What are goals that can be established for clients with avoidant personality disorder?

○ Discuss angry feelings and situations that precipitate hostility. ○ The patient will not harm others. ○ Verbalize understanding of treatment setting rules and regulations and the consequences for violation. ○ Will not manipulate others for own desires ○ Verbalize personal responsibility for difficulties in interpersonal relationships ○ Cope more adaptively by delaying gratification of his or her desires and following rules and regulations of the treatment setting. ○ Demonstrate ability to interact with others without becoming defensive, rationalizing behaviors, or expressing grandiose ideas.

What is Schizotypal personality disorder?

○ Display odd and eccentric behavior but not to the level of schizophrenia. ○ Marked by symptoms that look more like schizophrenia than schizoid personality and show significant peculiarities in thinking, behavior, and appearance. ○ Aloof and isolated ○ Behave in a bland and apathetic manner ○ Often talk or gesture to themselves, as if "living in their own world. ○ Exhibits bizarre speech pattern ○ When under stress, may decompensate and demonstrate psychotic symptoms ○ Demonstrates bland, inappropriate affect ○ Symptoms include § Magical thinking § Ideas of reference § Illusions § Depersonalization § Withdrawal into self § Superstitiousness- belief in clairvoyance, telepathy, or "sixth sense;" and beliefs that "others can feel my feelings."

What are therapeutic responses for clients diagnosed with antisocial personality disorder?

○ Do not attempt to coax or convince the patient to do the "right thing." ○ Do not use the words "You should (or shouldn't) ..."; instead, use the words "You will be expected to...." ○ Patient must eventually internalize societal norms, beginning with a step-by-step, "either/or" approach on the unit (either you do [don't do] this, or this will occur). ○ Explanations must be concise, concrete, and clear, with little or no capacity for misinterpretation. ○ Provide positive feedback or reward for acceptable behaviors to enhance self-esteem and encourages repetition of desirable behaviors. ○ Maintain attitude of "It is not you, but your behavior, that is unacceptable." An attitude of acceptance promotes feelings of dignity and self-worth. Help the patient identify the true object of his or her hostility (e.g., "You seem to be upset with ...").

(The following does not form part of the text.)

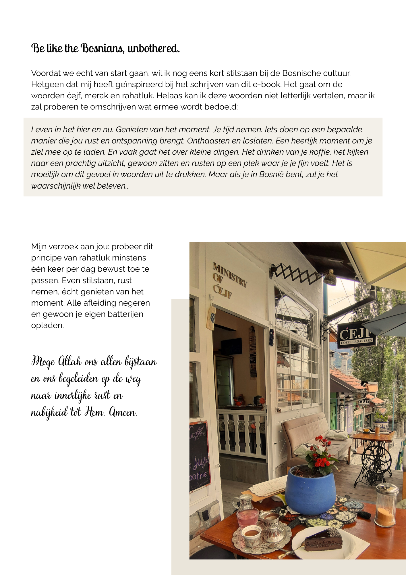 Ervaar je stress, zorgen of een dip in je imaan? Dit e-book is een liefdevolle uitnodiging om te vertragen, te helen en je hart te verbinden met Allah. Geïnspireerd door de Bosnische gewoonte van ćejf, merak en rahatluk (momenten van diepe rust en opladen), werk jij toe naar kalmte, veerkracht en tevredenheid.
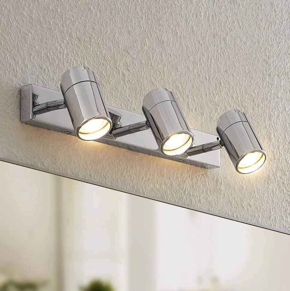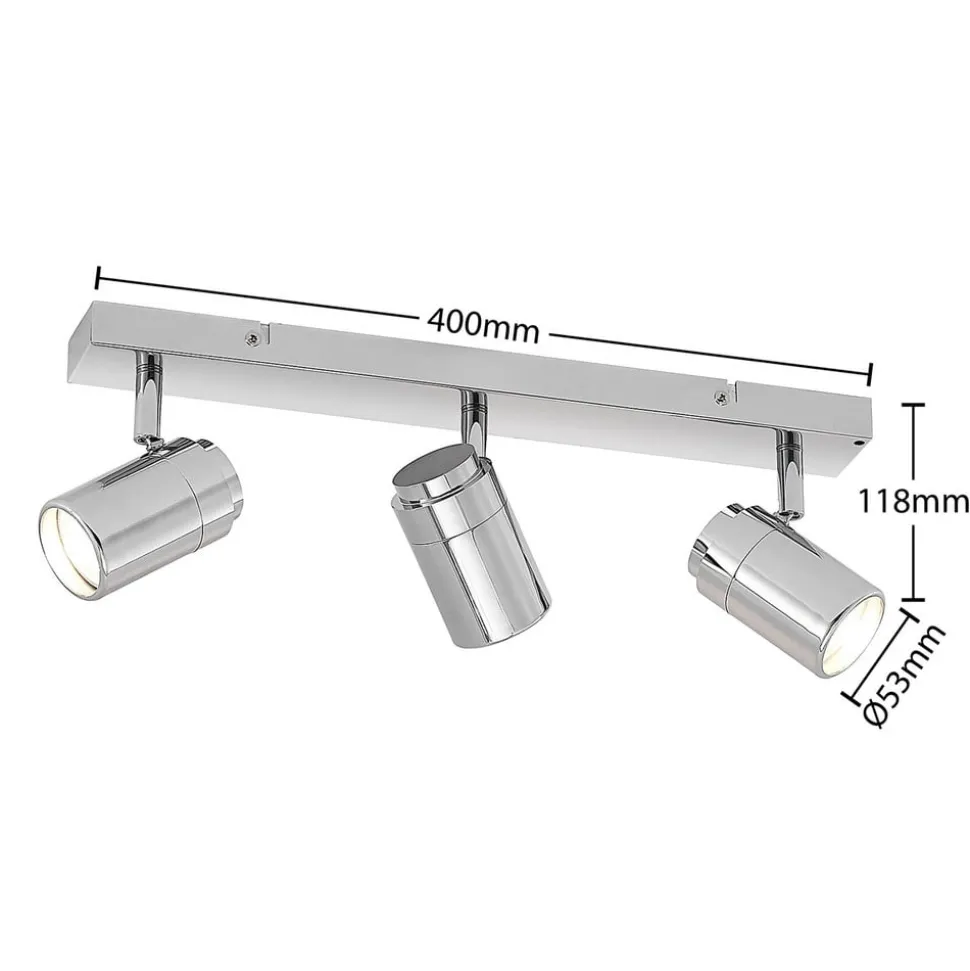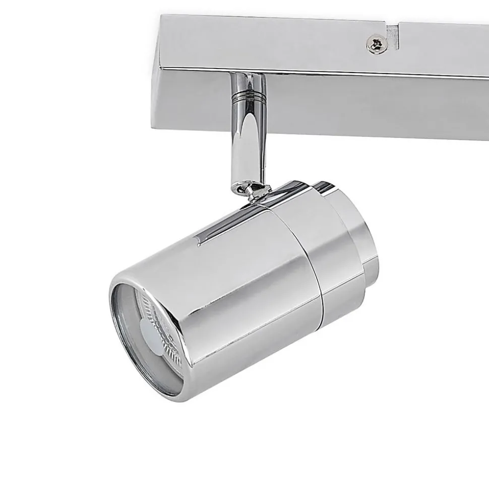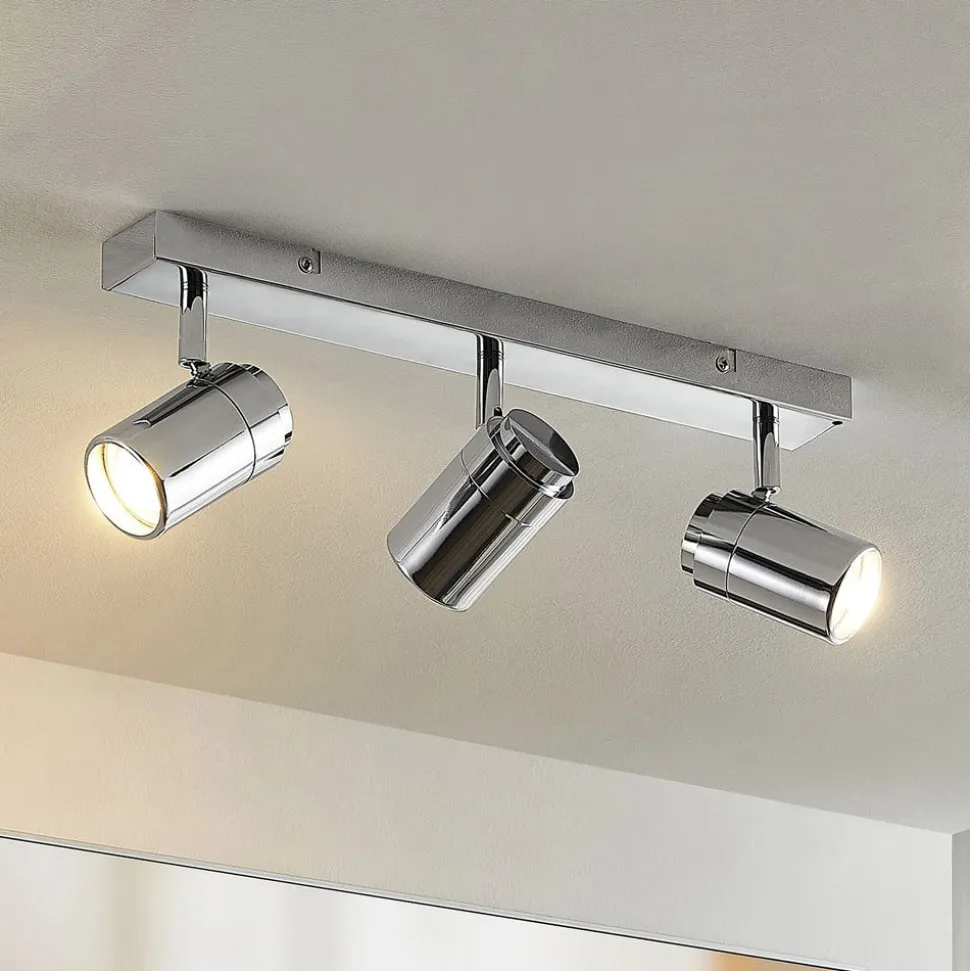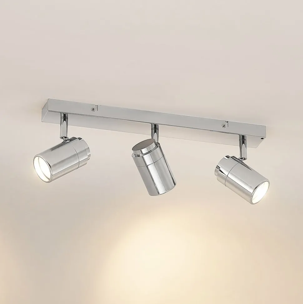 Verstelbare plafondspot Remilan – ideaal voor verlichting in de woonkamer of hal Deze plafondspot maakt indruk met zijn eenvoudige en slanke ontwerp en kan moeiteloos worden gecombineerd met verschillende inrichtingsstijlen. Het moderne ontwerp van Remilan spreekt voor zich. De metalen behuizing en kappen hebben een chroomkleurige afwerking en zien er zeer aantrekkelijk uit aan het plafond. De drie kappen kunnen flexibel worden geplaatst doordat ze elk een kogelgewricht aan de basis hebben.

What are erotomanic delusions?

○ Erotomanic delusions: Individuals with erotomanic delusions falsely believe that someone, usually of a higher status, is in love with him or her.

What are some side effects and examples of SSRIs?

○ Example: § Sertraline § Escitalopram ● May cause sexual dysfunction ○ Wof: increased risk of suicide ○ Feeling agitated, shaky or anxious. ○ Feeling or being sick. ○ Indigestion. ○ Diarrhea or constipation. ○ Loss of appetite and weight loss. ○ Dizziness. ○ Blurred vision. ○ Dry mouth.

Who is likely to develop EPS from medications?

○ First generation = typical antipsychotics = more potent = have more side effects ○ A client who has schizophrenia and is taking first generation antipsychotic medication can develop extrapyramidal manifestations, such as acute dystonia, Parkinsonism, akathisia, and tardive dyskinesia.

What are grandiose delusions?

○ Grandiose delusions: exaggerated feeling of importance, power, knowledge, or identity. § The individual may believe that he or she has a special relationship with a famous person or even assume the identity of a famous person (believing that the actual person is an imposter). § Grandiose delusions of a religious nature may lead to assumption of the identity of a deity or religious leader (e.g., "I am Jesus Christ").